Halloween is almost here and while costumes and candy distribution get top priority, don’t forget to have fun at meal time! I make stuffed peppers every year, and love to carve Jack O’ Lantern faces into each pepper. It takes only a few extra minutes and turns an everyday meal into a Halloween treat. Spooky good!
For a meal as iconic as stuffed peppers, I turn to a trusted source: Betty Crocker. Betty tells us to make our stuffing from one pound of ground beef, one cup of rice, a garlic clove and tomato sauce. When the peppers are stuffed and placed in a baking pan, additional tomato sauce is poured on top and they are baked and then sprinkled with cheese before serving.
Sometimes, I take Betty’s guidelines and tailor them to my needs. I prefer all the filling to have an equal amount of “tomato” flavor, so I mix all the tomato sauce with the stuffing instead of pouring some on top.

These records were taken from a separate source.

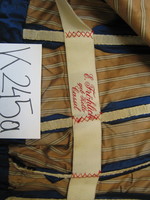 Das Futter besteht aus einem Baumwollköper, der mit einem braun-weißen Streifenmuster bedruckt ist. Die Seiten- und alle Teilungsnähte sind mit Fischbein versteift, das mit weißem Seidentaft abgedeckt ist.
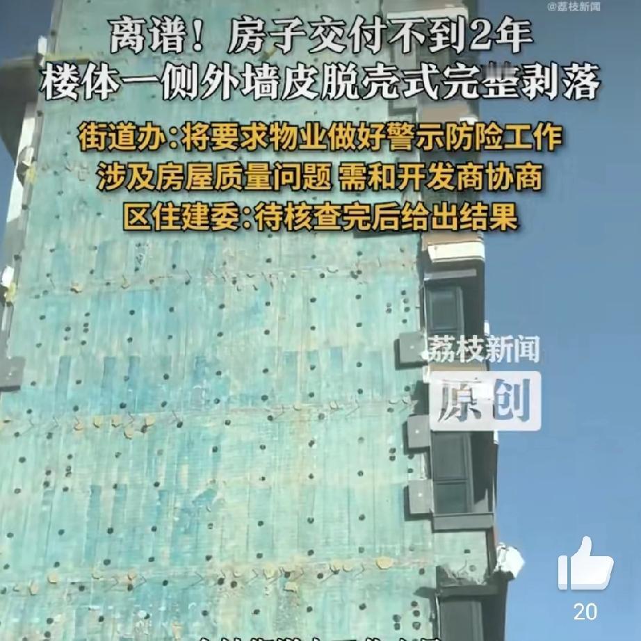 交房不足两年外墙全脱落!“安居梦”变“头顶险” 交房不到两年,崭新楼体竟成“斑驳危房”?近日,天津东丽区仁信路28号花语尚东·花恒雅园1期的业主们,被眼前的景象惊出一身冷汗:一栋住宅楼的一侧外墙皮大面积整体脱落,裸露的墙体斑驳不堪,不仅影响美观,更像悬在头顶的“利剑”,让业主们忧心忡忡。 据悉,该小区1期交房时间尚不足两年,远远未到正常建筑外墙的老化周期。业主们表示,当初花重金购置新房,盼的是安心居住,如今外墙突然大面积脱落,让人对房屋整体质量产生严重质疑——毕竟外墙脱落绝非小事,可能涉及材料不合格、施工工艺不达标等深层问题,甚至存在后续墙体渗水、结构安全等隐患。更让业主们无奈的是,问题发生后,大家多次沟通却遭遇“踢皮球”。 当地街道办回应称,会要求物业做好统计、报修和防险工作,但核心的质量问题仍需与开发商协商;住建委则表示需等待核查结果。这样的回应让业主们难以释怀:房屋质量关乎生命安全,岂能简单推诿?根据相关规定,外墙防渗漏等关键部位的法定最低质保期为5年,如今问题爆发在质保期内,开发商理应主动担责。 住房是民生之本,业主们的“安居梦”容不得质量打折。希望相关部门能加快核查进度,查明脱落原因,督促责任方彻底整改,给业主一个明确且有保障的答复。也期待这类“短命外墙”现象能被重视,从源头守住建筑质量关,让每一位购房者都能住得安心、住得放心。你身边遇到过类似的房屋质量问题吗?欢迎留言分享。
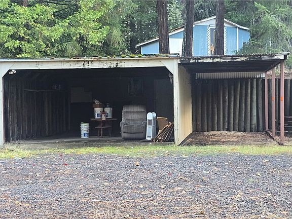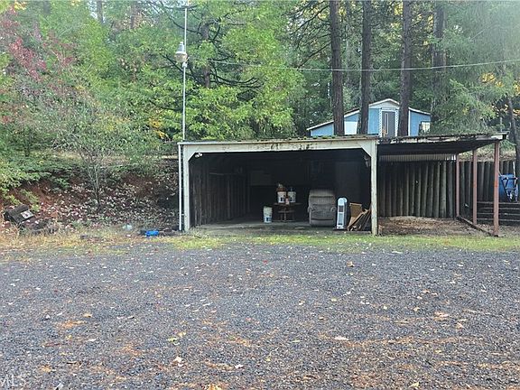 SECLUDED HILLTOP PROPERTY! This home offers great privacy and lots of garage & workshop space, plenty of parking space, room to garden and more!! The home is a 2 bedroom, 2 bath double wide manufactured home with a large dining room & kitchen, walk-in pantry space with a trash compactor, small wet bar area, spacious living room with woodstove, large utility/mudroom with washer/dryer & utility sink plus easy access to the front & back yards. Additionally, the home has an enclosed side porch/bonus room and a covered & screened in front porch that opens to a large uncovered front deck area. The home has some deferred maintenance and is a great fixer project at an affordable price that you can still move into and do projects as you can. A detached 2-car carport with attached storage space with walkways to the house, there is also detached workshop that has an attached RV parking pad and tractor-port, a smaller detached workshop/hobby shop with attached garage space for a quad or small equipment, and several small storage buildings around the property. The prior owner spent years developing this land with sturdy retaining walls, garden areas, many concrete walkways and outbuildings, plus lots of roadwork on the property so you have great usable acreage & access and lots of land clearing! Big bonus is the distant views through the trees to Lake Oroville to the front and the home borders Forest Service land to the back!!
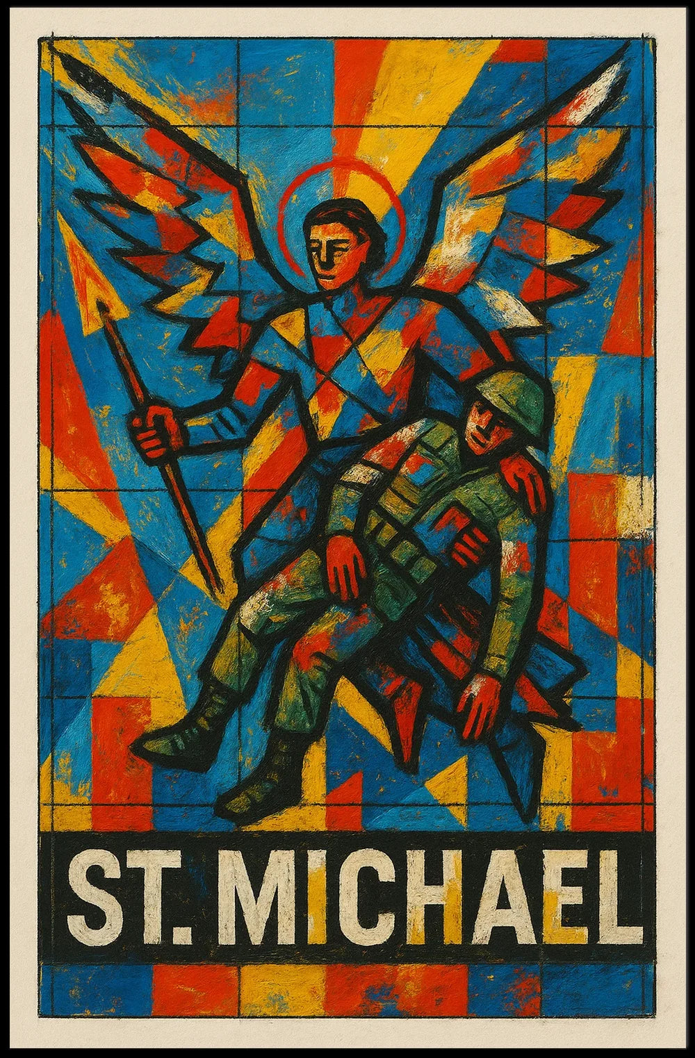 - Detailed design highlighting the fusion of realism and abstraction, with a bold palette of colorful and muted tones

And let’s talk about the cheese. A sprinkle of cheese? Puh-leez. They don’t call my state “America’s Dairy Land” for nothing. Besides, you need a strategy for serving stuffed peppers. You know the kids will only eat the top layer of cheese, right? So, I mix shredded cheese into the filling. That way, it’s evenly distributed to provide a tasty bit of cheese in every bite.
For the rice, I’m pretty sure Betty used white rice, but I always try to use brown rice for a healthier alternative. It works great in this recipe. And this time, to boost the health factor, I tried riced cauliflower in place of the rice. It worked great! It’s a nice low-carb alternative that ups the “veggie” factor for this meal.
Before stuffing the peppers, you need to par-cook them. Kind of a fancy term. Par-cooking means what it sounds like: partial cooking. In this case, the peppers are par-cooked for 2 minutes in boiling water. To make the Jack O’ Lanterns, carve the faces either before or right after the par-cook step. It works best when the pepper is still rigid rather than soft and mushy. Since the stuffing is made of small pieces, I always try for small cutouts to prevent “the guts” from pouring out during the baking step (although that sounds creepy cool).
Once baked, let the peppers cool a few minutes before taking out of the pan.
Super cute Halloween food that is a nice break from all the sugary treats!
- 4 bell peppers green or color of choice
- 2 TB chopped onion
- 1 lb ground beef
- 1 cup cooked rice riced cauliflower can be substituted
- 8 oz tomato sauce double if you like it very tomato-y
- ¾ cup shredded cheese mozzarella or Italian blend
- ½ tsp garlic powder
- 1 tsp Italian seasoning
- Preheat oven to 350F
- Cut top off each pepper and remove seeds and membranes (Retain tops if making Jack O’ Lanterns).
- Bring a large pot of water to boiling. Immerse peppers in the water and cook for about 2 minutes. Remove and drain.
- In a large skillet, cook the beef and onion for 8-10 minutes, stirring occasionally, until the beef is browned. Drain any excess grease.
- Stir in rice, garlic powder, and tomato sauce and cook until heated through. Remove from heat and allow to cool slightly.
- If making Jack O’ Lanterns, carefully cut faces into the cooled peppers and stand them upright in a baking dish. If needed, cut a very thin slice off the bottom of the peppers to help them stay upright. Otherwise, just lean them against each other.
- Add shredded cheese to the cooled filling and mix to distribute.
- Spoon the filling into the peppers.
- Cover the baking dish (use foil if a cover is not availabland bake for 10 minutes. Remove the cover and bake for 15 additional minutes or until the peppers are tender. Sprinkle the tops with a little more cheese if desired.